You are correct. I keep falling back to thinking the "MegaRAID" way where I have the drives mirrored at the controller level and then partitioned at the software level. The /proc/mdstat reports:
Personalities : [raid0] [raid1] md1 : active raid1 sde2[1] sda2[2](F) 8193024 blocks [2/1] [_U]
md2 : active raid1 sde3[1] sda3[2](F) 2048192 blocks [2/1] [_U]
md3 : active raid1 sde5[1] sda5[2](F) 25085376 blocks [2/1] [_U]
md4 : active raid1 sdf1[1] sdb1[0] 35840896 blocks [2/2] [UU]
md5 : active raid1 sdg1[1] sdc1[0] 35840896 blocks [2/2] [UU]
md6 : active raid1 sdh1[1] sdd1[0] 35840896 blocks [2/2] [UU]
md7 : active raid0 sdn1[5] sdm1[4] sdl1[3] sdk1[2] sdj1[1] sdi1[0] 213261312 blocks 256k chunks
md0 : active raid1 sde1[1] sda1[2](F) 513984 blocks [2/1] [_U]
OK, you just have to replace the drive, fdisk matching partitions on it ("fdisk -l /dev/sde" will show the sizes you need), then use mdadm --add /dev/md? /dev/sda? for each one to add the missing partition back. Then reinstall grub on the drive.
You have an odd combination of drives... Normally you would want to mirror the partitions on the first 2 disks and install grub on both, in which case the system would still boot.
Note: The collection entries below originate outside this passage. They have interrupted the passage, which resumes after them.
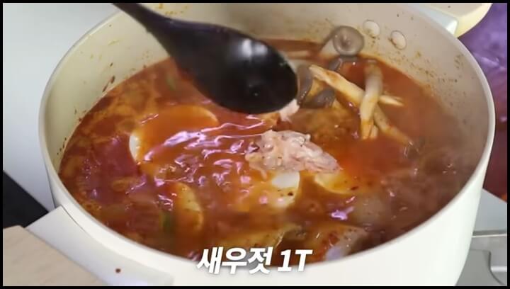 10) 버섯도 같이 넣어주고, 새우젓 1큰술을 넣어 감칠맛을 더해줍니다.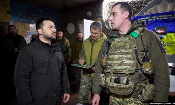 Zelensky e vizitoi vijën e frontit në qytetin verilindor, Kupianks, ku u takua me liderët e brigadës.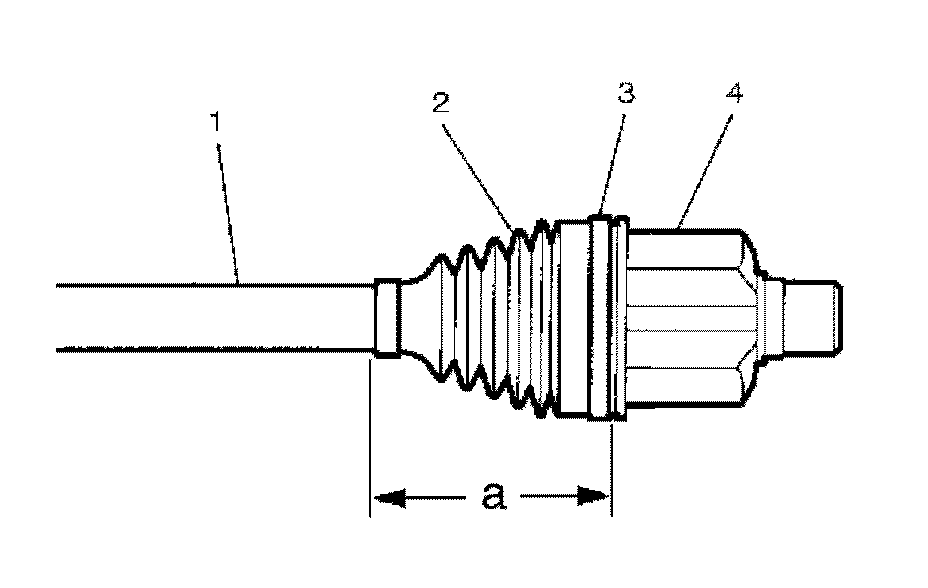 11. Slide the large diameter of the inboard boot (2), with the larger clamp in place (3), over the outside of the trilobal tripot bushing and locate the lip of the boot in the groove (4).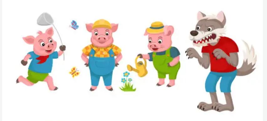Es war einmal eine alte Schweinemutter, die hatte drei kleine Schweinchen, die aßen und aßen, soviel sie nur konnten. Und als sie so groß waren, dass sie in dem Haus, in dem sie wohnten, keinen Platz mehr finden konnten, sagte die Mutter zu ihnen: "Ihr könnt jetzt nicht mehr bei mir bleiben, jedes muss ein Haus für sich selber haben." Und sie schickte sie in die weite Welt hinaus.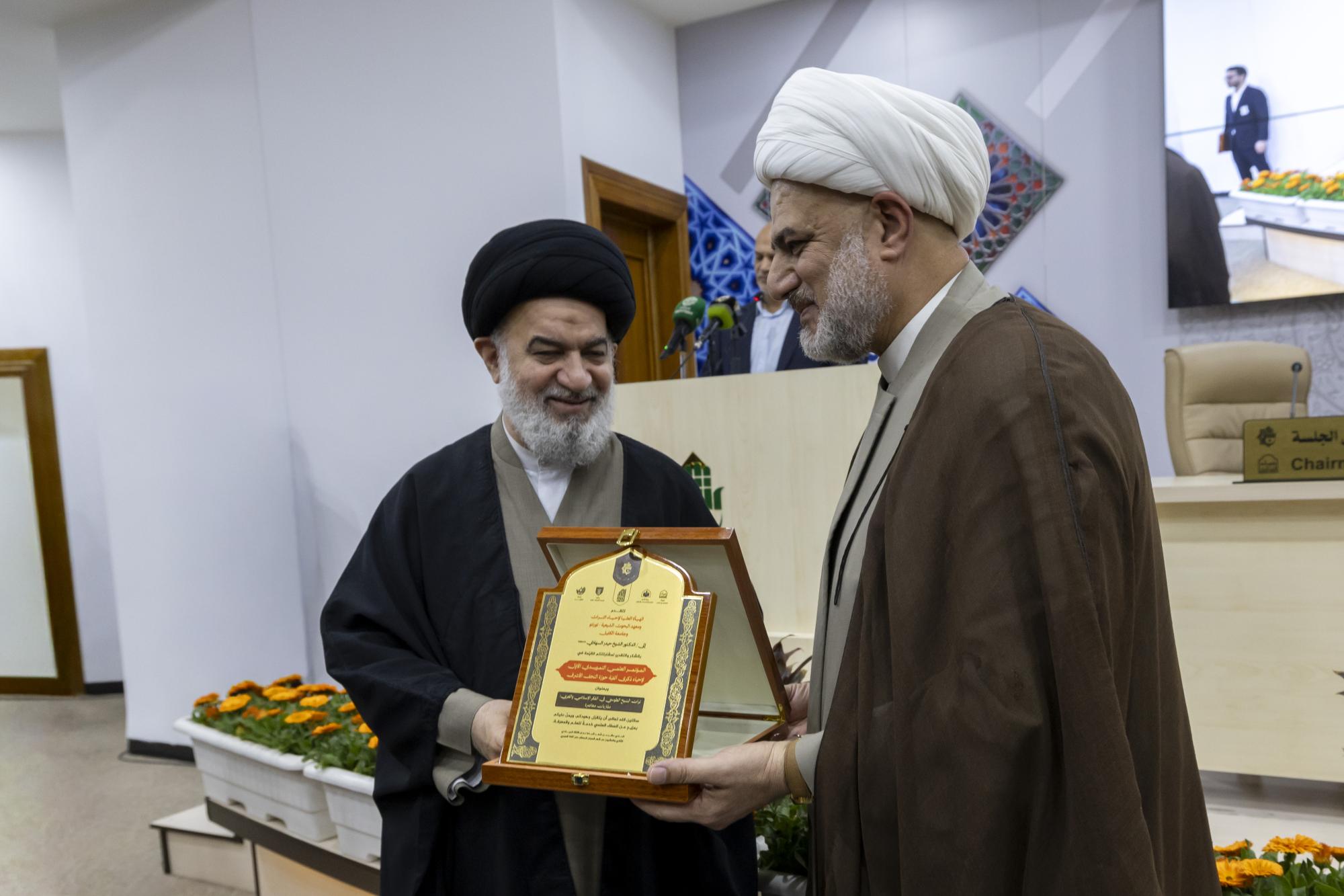 كرّم المتولّي الشرعيّ للعتبة العبّاسية المقدّسة سماحة العلّامة السيد أحمد الصافي، المشاركين في الجلسة البحثية الافتتاحية للمؤتمر العلميّ التمهيديّ الأوّل لإحياء ذكرى ألفية حوزة النجف الأشرف.

Some of the more sophisticated controllers can boot from more than the first 2, though. Anyway, you should be able to boot from your install CD with 'linux rescue' at the boot prompt and get to a point where you can fix things.
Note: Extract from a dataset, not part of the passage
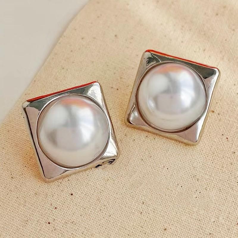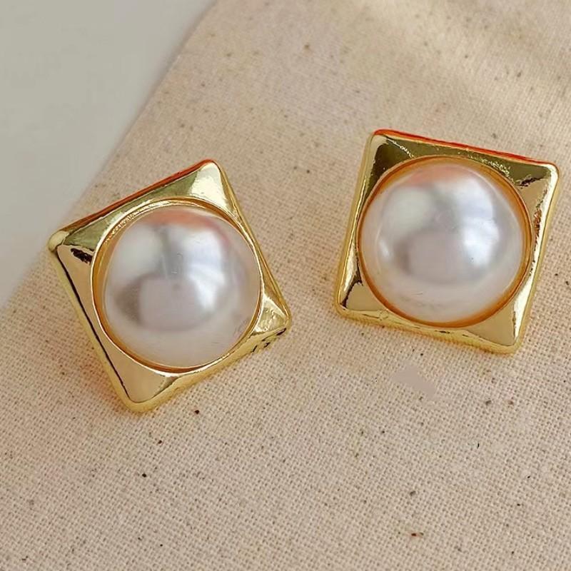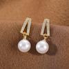 Aretes de Perlas Geométricos Cuadrados Elegantes Simples y a la Moda para Mujeres Aretes de Diseño Nicho de Alta Gama Aretes Exquisitos

The odd combination of drives was actually intentional on my part. The idea was to provide "separation" between the mirrors. While I did not have separate controllers I thought that using the separate channels on the common controller might provide a shade more resiliency. It was my first attempt at setting up mirrored pairs on a non-MegaRAID SCSI controller. Live and learn!
The controller might let you boot from the 2nd channel - and if that's the case you could install grub on /dev/sde before shutting down, adjust the controller bios, and still be able to boot. The catch is that you won't know if it will work until after you shut down..
I will read up on the "linux rescue" so, if I have to fallback on this method, I will be able to have a firm plan in place before I start the work.
The only tricky part is what happens to the drive names if you boot with /dev/sda broken (depending on the failure mode) or missing. If the controller doesn't see it, all of the other drive names will shift up. This normally won't affect md device detection, but you may have a non md device mentioned in /etc/fstab, especially for swap devices.
This particular system is our primary development system and does not get all the "fancy" hardware that our production systems do. I have configured the production systems using only the MegaRAID controllers and there it is a "no brainer" to replace failed drives - just swap the drive and away you go.
It isn't that complicated to fdisk a partition and mdadm --add it, and with software raid1 you gain the ability to plug any remaining single drive into any vendor's scsi controller and access the data.